Microsoft Lagging In the AI Race: In-House Chip Delays or NVIDIA’s Rapid Rise?

As Microsoft delays Braga and Braga-R chips, it eyes a 2027 stopgap solution to challenge NVIDIA’s dominance.

Introduction:

In the high-stakes race for AI supremacy, Microsoft is hitting unexpected roadblocks.
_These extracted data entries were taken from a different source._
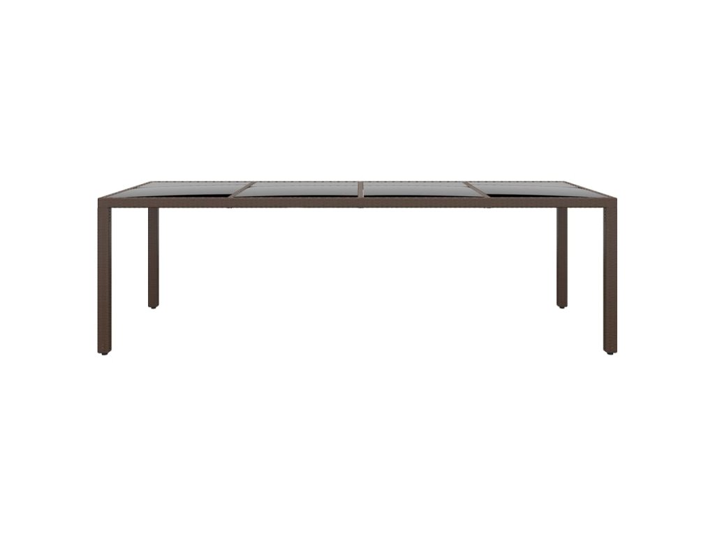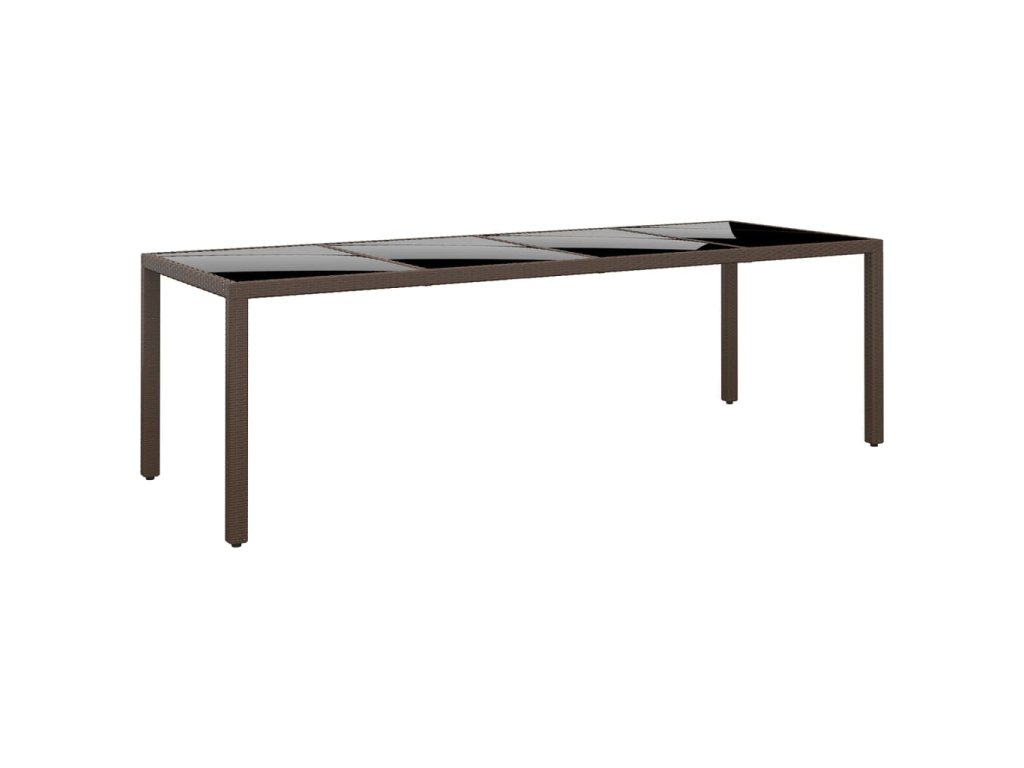 Multidom Záhradný stôl so sklenenou doskou hnedý polyratan
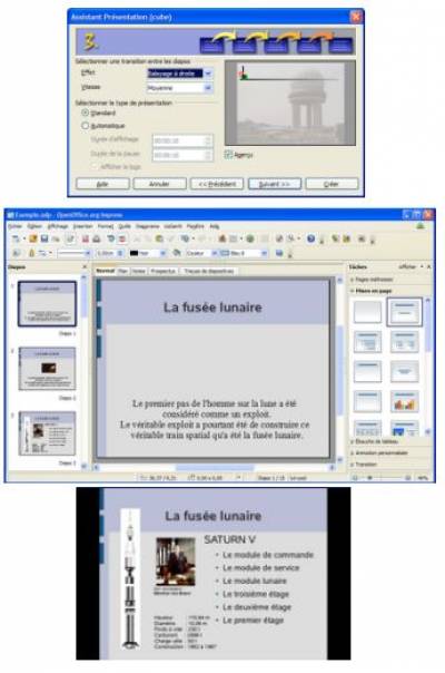 • des animations permettent d'organiser l'ordre des informations transmises sur la diapo.
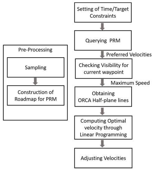 The simulation follows the steps illustrated in Figure 1. In the pre-processing step within Figure 1, given a set of static obstacles, the algorithm constructs a roadmap through the PRM planning method. At run time, the user first specifies the target position and time duration constraints for all agents. Then, the waypoints are obtained through a roadmap query to the PRM. The waypoints behave like sub-goals, as the agent moves to the target. The current waypoint is set to the starting waypoint in the beginning, and moves to the next waypoint as the agent passes by. The preferred velocity can be computed from the current waypoint and the agent’s position. Further, the visibility is checked to see if there are any obstacles up to the current waypoint. If there is no obstacle, then the maximum speed parameter is adjusted so that the agent can move through the current waypoint, while satisfying the time constraints.
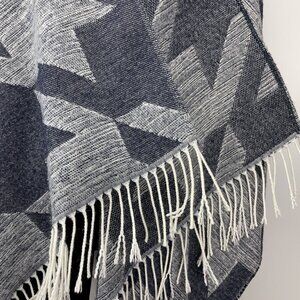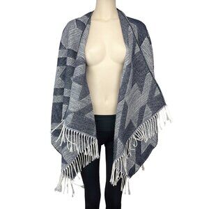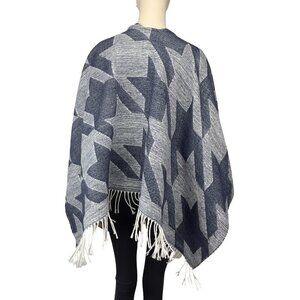 MAJE Boho Fringed Cape Western Poncho Stars Print Indigo Blue White OS

While NVIDIA continues to dominate the AI chip market with its cutting-edge GPUs, Microsoft in-house AI chip efforts are reportedly facing major delays.

With its much-anticipated Braga chip pushed back and internal performance concerns rising, the tech giant is now scrambling to launch a stopgap chip by 2027.

But as rivals like Google, Meta, and Amazon double down on custom AI silicon, the big question is: can Microsoft catch up—or is it already falling behind in the AI arms race?

techovedas.com/13-billion-in-question-microsoft-and-openai-high-stakes-negotiations

Brief 5-Point Overview

Microsoft pushed its Braga chip from 2025 to 2026.

Successor designs (Braga-R, Clea) also face delays.

The interim Maia 280 chip emerges for 2027 delivery.

Microsoft claims up to 30% better perf-per-watt vs. NVIDIA’s 2027 chips.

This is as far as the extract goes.